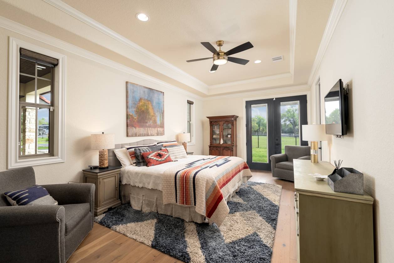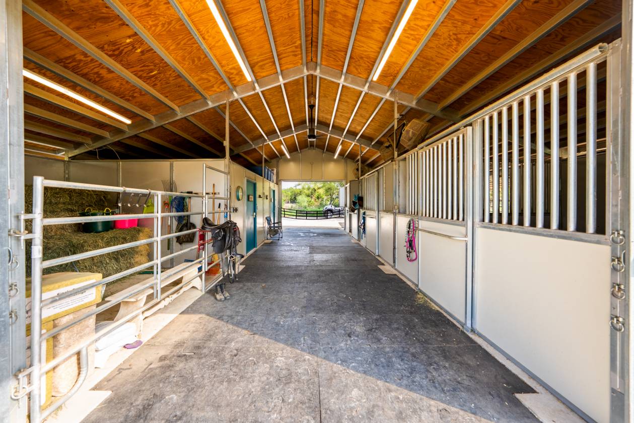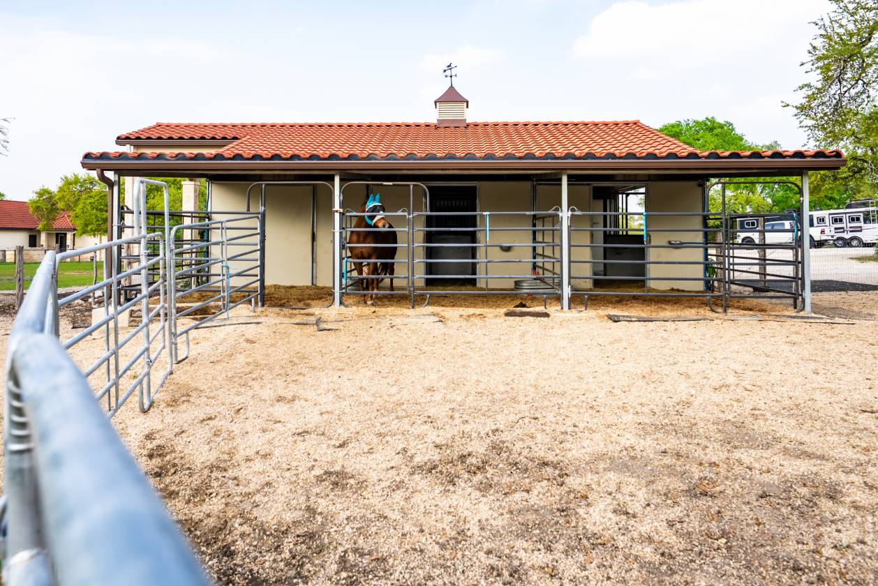 - For equestrian enthusiasts, the 3-horse barn offers a climate-controlled tack room and feed room as well as 12x12 hay storage, with automatic waterers in each stall. The property is fenced and cross-fenced with King Ranch-style fencing, creating four zones for horses. The 70x120 ft arena, featuring Trutex and sand footing, ensures optimal training conditions. With a cement tile roof and stucco exterior, the barn is as durable and luxurious as the home itself. The driveway to the barn is chip-sealed and large enough for large trailers and deliveries to easily turn around. This property offers a rare combination of luxury, privacy, and equestrian functionality, making it the ultimate destination for those seeking the finest in Texas living.
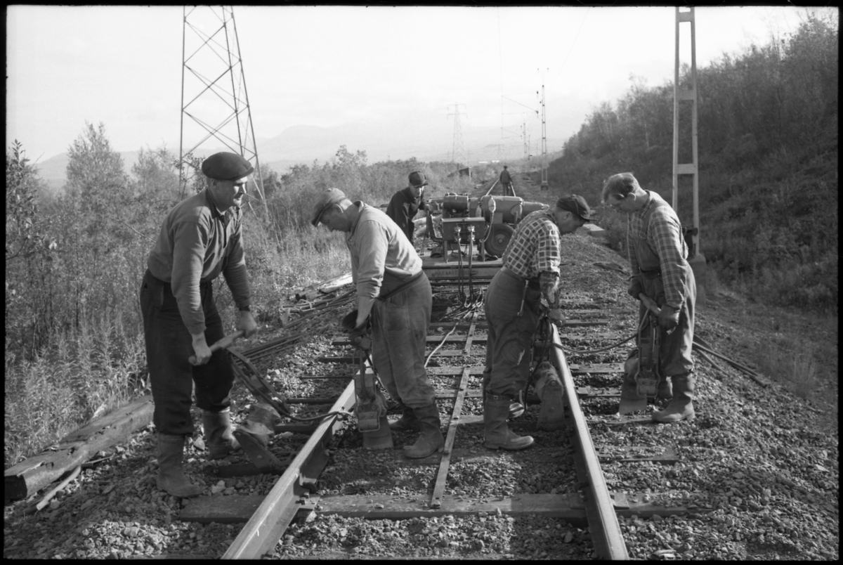 Upprustning av malmbanan Kiruna-Riksgränsen. Markberedningsarbete på sträckan Abisko- Björkliden. Ballasten stoppas med hjälp av en stoppningsmaskin av märket Jackson, av personalen kallad "vibro" eftersom den vibrerade kraftigt.
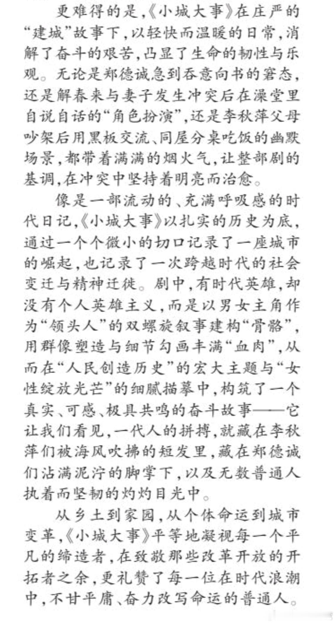 中国妇女报——《小城大事》热血澎湃的时代日记!从乡土到家园,从个体命运到城市变革,《小城大事》平等地凝视每一个平凡的缔造者,在致敬那些改革开放的开拓者之余,更礼赞了每一位在时代浪潮中,不甘平庸,奋力改写命运的普通人。小城大事
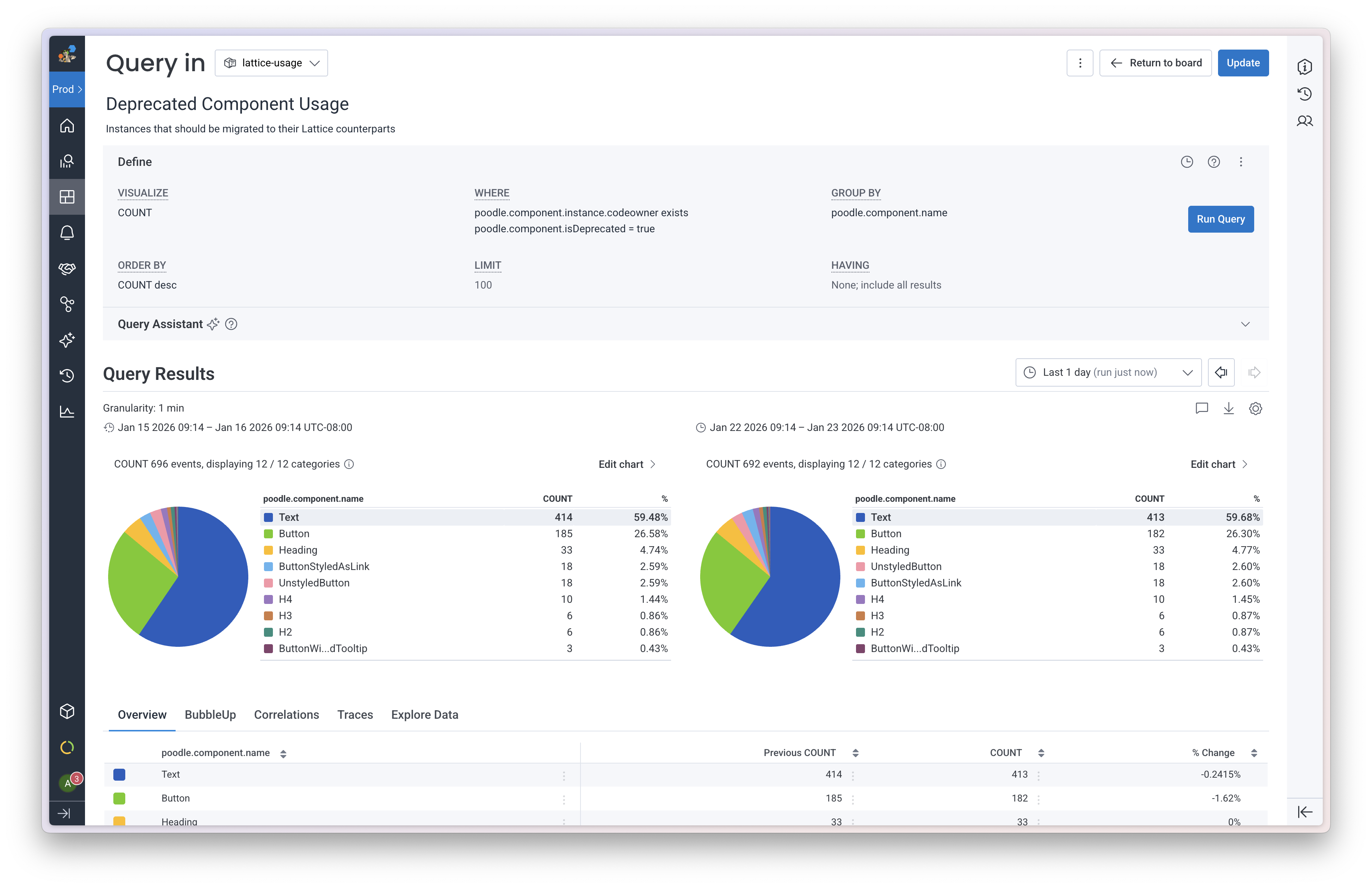Now for the payoff: turning this data into actionable insights. Once the data landed in Honeycomb, I set up queries to track deprecated component usage along with design system component usage:

Exercise brief: Exclude all images and return the listing word for word.

Solution to the exercise:
 - For equestrian enthusiasts, the 3-horse barn offers a climate-controlled tack room and feed room as well as 12x12 hay storage, with automatic waterers in each stall. The property is fenced and cross-fenced with King Ranch-style fencing, creating four zones for horses. The 70x120 ft arena, featuring Trutex and sand footing, ensures optimal training conditions. With a cement tile roof and stucco exterior, the barn is as durable and luxurious as the home itself. The driveway to the barn is chip-sealed and large enough for large trailers and deliveries to easily turn around. This property offers a rare combination of luxury, privacy, and equestrian functionality, making it the ultimate destination for those seeking the finest in Texas living.
 Upprustning av malmbanan Kiruna-Riksgränsen. Markberedningsarbete på sträckan Abisko- Björkliden. Ballasten stoppas med hjälp av en stoppningsmaskin av märket Jackson, av personalen kallad "vibro" eftersom den vibrerade kraftigt.
 中国妇女报——《小城大事》热血澎湃的时代日记!从乡土到家园,从个体命运到城市变革,《小城大事》平等地凝视每一个平凡的缔造者,在致敬那些改革开放的开拓者之余,更礼赞了每一位在时代浪潮中,不甘平庸,奋力改写命运的普通人。小城大事
Now for the payoff: turning this data into actionable insights. Once the data landed in Honeycomb, I set up queries to track deprecated component usage along with design system component usage:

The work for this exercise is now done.